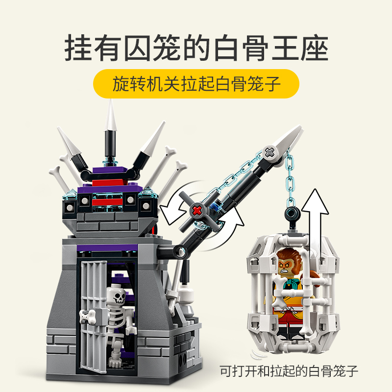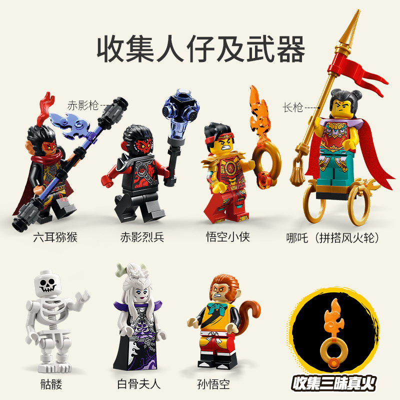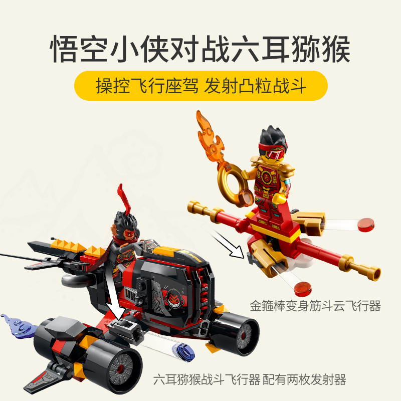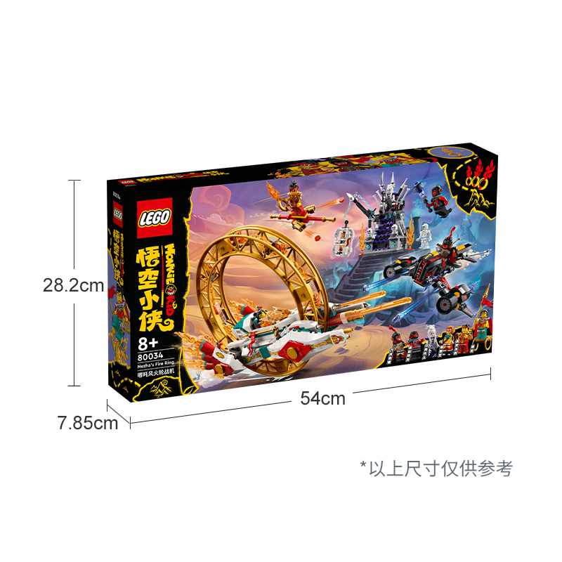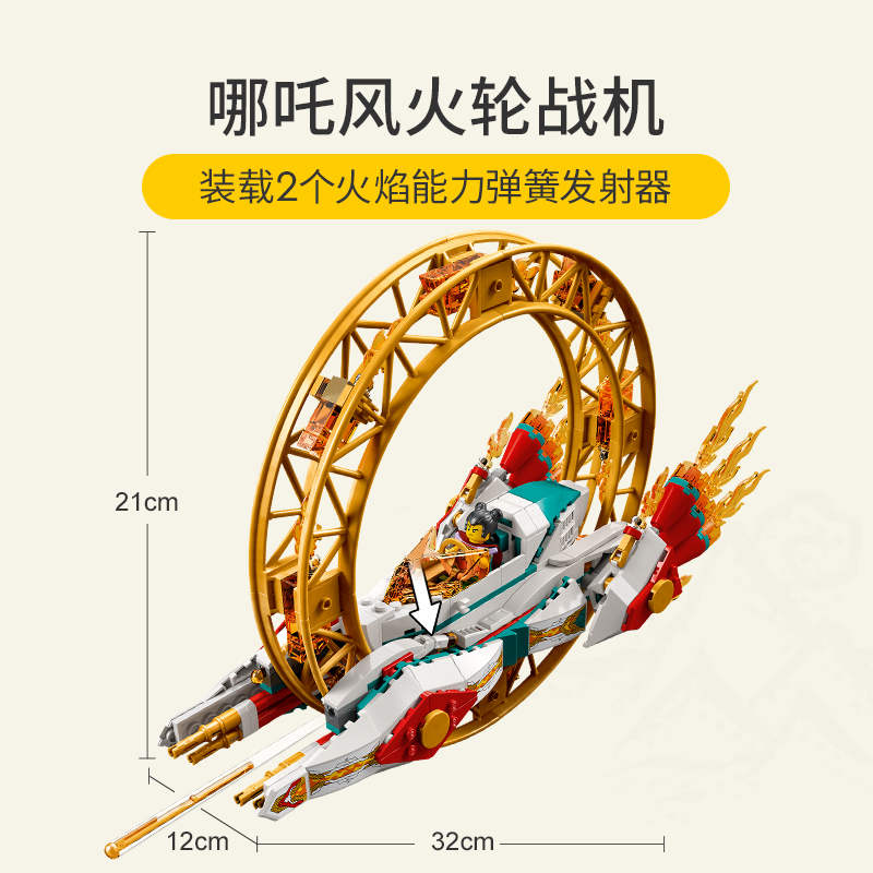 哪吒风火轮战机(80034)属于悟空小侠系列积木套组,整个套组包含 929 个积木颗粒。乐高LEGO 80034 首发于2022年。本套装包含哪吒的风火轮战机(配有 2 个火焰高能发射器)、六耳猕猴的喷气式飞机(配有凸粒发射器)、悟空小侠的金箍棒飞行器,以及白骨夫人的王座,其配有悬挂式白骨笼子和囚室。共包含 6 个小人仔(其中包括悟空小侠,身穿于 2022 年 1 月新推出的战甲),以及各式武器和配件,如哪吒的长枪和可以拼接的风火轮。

==

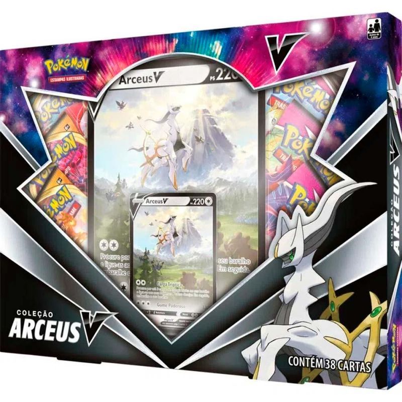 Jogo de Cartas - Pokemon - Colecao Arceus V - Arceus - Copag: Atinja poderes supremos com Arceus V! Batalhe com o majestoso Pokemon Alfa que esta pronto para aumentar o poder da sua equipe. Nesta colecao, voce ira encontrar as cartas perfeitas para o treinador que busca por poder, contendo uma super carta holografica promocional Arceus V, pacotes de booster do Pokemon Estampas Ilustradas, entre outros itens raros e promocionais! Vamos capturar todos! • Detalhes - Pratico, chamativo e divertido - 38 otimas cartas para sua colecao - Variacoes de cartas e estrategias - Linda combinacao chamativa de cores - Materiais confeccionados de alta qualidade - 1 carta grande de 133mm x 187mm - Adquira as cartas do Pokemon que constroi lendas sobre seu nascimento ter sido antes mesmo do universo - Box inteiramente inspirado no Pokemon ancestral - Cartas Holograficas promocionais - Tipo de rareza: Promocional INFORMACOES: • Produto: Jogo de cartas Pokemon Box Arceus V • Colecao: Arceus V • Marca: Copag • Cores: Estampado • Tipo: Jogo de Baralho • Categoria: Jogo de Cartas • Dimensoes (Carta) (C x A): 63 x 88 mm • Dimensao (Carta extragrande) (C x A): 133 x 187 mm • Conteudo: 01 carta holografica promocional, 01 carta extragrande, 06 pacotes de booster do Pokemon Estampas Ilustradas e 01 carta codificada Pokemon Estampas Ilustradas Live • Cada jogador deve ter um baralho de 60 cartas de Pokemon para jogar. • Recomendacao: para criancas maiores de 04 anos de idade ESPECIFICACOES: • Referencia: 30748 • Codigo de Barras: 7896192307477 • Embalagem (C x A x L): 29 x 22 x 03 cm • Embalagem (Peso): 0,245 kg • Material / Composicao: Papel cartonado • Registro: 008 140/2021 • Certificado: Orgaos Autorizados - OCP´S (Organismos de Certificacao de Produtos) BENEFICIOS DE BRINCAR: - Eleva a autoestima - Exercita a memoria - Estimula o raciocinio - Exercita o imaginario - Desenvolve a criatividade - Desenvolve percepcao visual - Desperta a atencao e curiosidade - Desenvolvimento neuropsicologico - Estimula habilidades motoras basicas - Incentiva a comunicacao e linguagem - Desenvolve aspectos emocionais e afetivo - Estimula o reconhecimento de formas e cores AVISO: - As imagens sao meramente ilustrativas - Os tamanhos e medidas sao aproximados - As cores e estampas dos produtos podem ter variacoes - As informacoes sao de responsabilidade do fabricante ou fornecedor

==

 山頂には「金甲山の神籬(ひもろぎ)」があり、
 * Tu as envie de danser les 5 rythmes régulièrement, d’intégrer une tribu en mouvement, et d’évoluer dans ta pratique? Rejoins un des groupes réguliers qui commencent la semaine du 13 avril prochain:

## Task requirements
Looking at the data above, return every line from the one with "山頂には「金甲山の神籬(ひもろぎ)」があり、" down to the one with "Tu as envie", exactly and inclusively.

## Task solution
 山頂には「金甲山の神籬(ひもろぎ)」があり、
 * Tu as envie de danser les 5 rythmes régulièrement, d’intégrer une tribu en mouvement, et d’évoluer dans ta pratique? Rejoins un des groupes réguliers qui commencent la semaine du 13 avril prochain:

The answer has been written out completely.